Bug 1828858 - Application behind service load balancer with PDB is not disrupted
Summary: Application behind service load balancer with PDB is not disrupted
Keywords:
Status: CLOSED ERRATA
Alias: None
Product: OpenShift Container Platform
Classification: Red Hat
Component: Networking
Version: 4.5
Hardware: Unspecified
OS: Unspecified
urgent
urgent
Target Milestone: ---
: 4.5.z
Assignee: Antonio Ojea
QA Contact: huirwang
URL:
Whiteboard: SDN-CI-IMPACT
: 1861944 (view as bug list)
Depends On: 1891711
Blocks: 1868490
TreeView+ depends on / blocked
 
Reported: 2020-04-28 13:38 UTC by Ben Parees
Modified: 2020-12-01 10:49 UTC (History)
13 users (show)

Fixed In Version:
Doc Type: No Doc Update
Doc Text:
Clone Of:
: 1868489 1886620 (view as bug list)
Environment:
Application behind service load balancer with PDB is not disrupted
Last Closed: 2020-12-01 10:48:48 UTC
Target Upstream Version:
Embargoed:


Attachments (Terms of Use)


Links
System ID Private Priority Status Summary Last Updated
Github openshift origin pull 25406 0 None closed Bug 1828858: use LoadBalancers with ExternalTrafficPolicy set to Local 2021-01-14 20:04:26 UTC
Github openshift origin pull 25635 0 None closed [release-4.5] Bug 1828858: use net/http instead of client-go for e2e PDB test 2021-01-14 20:04:25 UTC
Red Hat Product Errata RHSA-2020:5194 0 None None None 2020-12-01 10:49:34 UTC

Description Ben Parees 2020-04-28 13:38:18 UTC
test:
Application behind service load balancer with PDB is not disrupted 

is failing frequently in CI, see search results:
https://search.svc.ci.openshift.org/?maxAge=48h&context=1&type=bug%2Bjunit&name=&maxMatches=5&maxBytes=20971520&groupBy=job&search=Application+behind+service+load+balancer+with+PDB+is+not+disrupted

Comment 1 Clayton Coleman 2020-04-28 13:49:59 UTC
Current this is OVS 3 second disruption due to kernel rejecting new flows.  4.5 will move OVS to the node, and michael cambria is working on it.  When that lands this should become zero, or be reopened and we find a new cause.
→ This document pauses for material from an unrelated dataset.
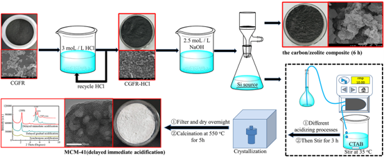 目前煤渣的资源化利用已成为煤炭和环境科学的核心问题。煤气化渣虽可转化为多孔材料,但对于这些材料的合成,不仅需要高温,且提取硅源后仍会产生新的固废。这就迫切需要探寻新的固废转化思路实现煤渣的综合利用。院室马玉龙教授团队开发了一种新的策略,可以在温和条件下从煤气化细渣(CGFR)分级合成高度有序的MCM-41和碳/沸石复合材料。通过分级制备方式,实现CGFR的有效转化和利用。合成的MCM-41不仅具有六边形和1D孔道高度有序特征,且具有大的比表面积(1013-1073 m2 g-1)和窄的孔径分布(3.5 nm);对于合成的碳/沸石复合材料具有在碳衬底上形成花状P型沸石的形貌特征,总比表面积189.27 m2 g-1。将合成的两种材料分别应用于有机废水的处理研究,对废水中有机污染物均显示出优良的吸附和去除效果。该成果论文 “Graded Synthesis of Highly Ordered MCM-41 and Carbon/Zeolite Composite from Coal Gasification Fine Residue for Crystal Violet Removal” 近期在国际著名期刊《Journal of Cleaner Production》上发表。论文第一作者是我校2018级水资源利用与化学化工专业博士研究生吴玉花,通讯作者是马玉龙教授。研究得到宁夏重点研发项目和“化学工程与技术”国家一流学科建设项目的资助。

Comment 2 Ben Bennett 2020-04-28 15:21:24 UTC
Assigning this to the 4.5 release to get worked on.  We likely will not be able to backport the fix, but we can work out if there is anything else we can do, or at least we can change the test to make it more accurately reflect what we tolerate.

Comment 4 Ben Parees 2020-04-28 18:58:03 UTC
Setting to urgent, we expect full availability during upgrades in 4.5.

Comment 5 Clayton Coleman 2020-05-18 14:43:53 UTC
Why was this moved to 4.6?  This impacts application workloads and we were supposed to have fixed it.

Comment 6 Ben Parees 2020-05-18 15:56:35 UTC
This represents a fundamental product flaw (taking workload outages during an upgrade).  It cannot be deferred w/o agreement from at least the group lead and preferably discussion with the architecture team.

Setting back to 4.5.

Comment 9 mcambria@redhat.com 2020-07-13 13:00:48 UTC
(In reply to Clayton Coleman from comment #1)
> Current this is OVS 3 second disruption due to kernel rejecting new flows. 
> 4.5 will move OVS to the node, and michael cambria is working on it.  When
> that lands this should become zero, or be reopened and we find a new cause.

OVS is running on host and OVNKubernetes has been changed to make use of this.  Can you retest?

Comment 11 Alexander Constantinescu 2020-07-20 15:28:03 UTC
@Tim

You got assigned to this during the bug-scrum.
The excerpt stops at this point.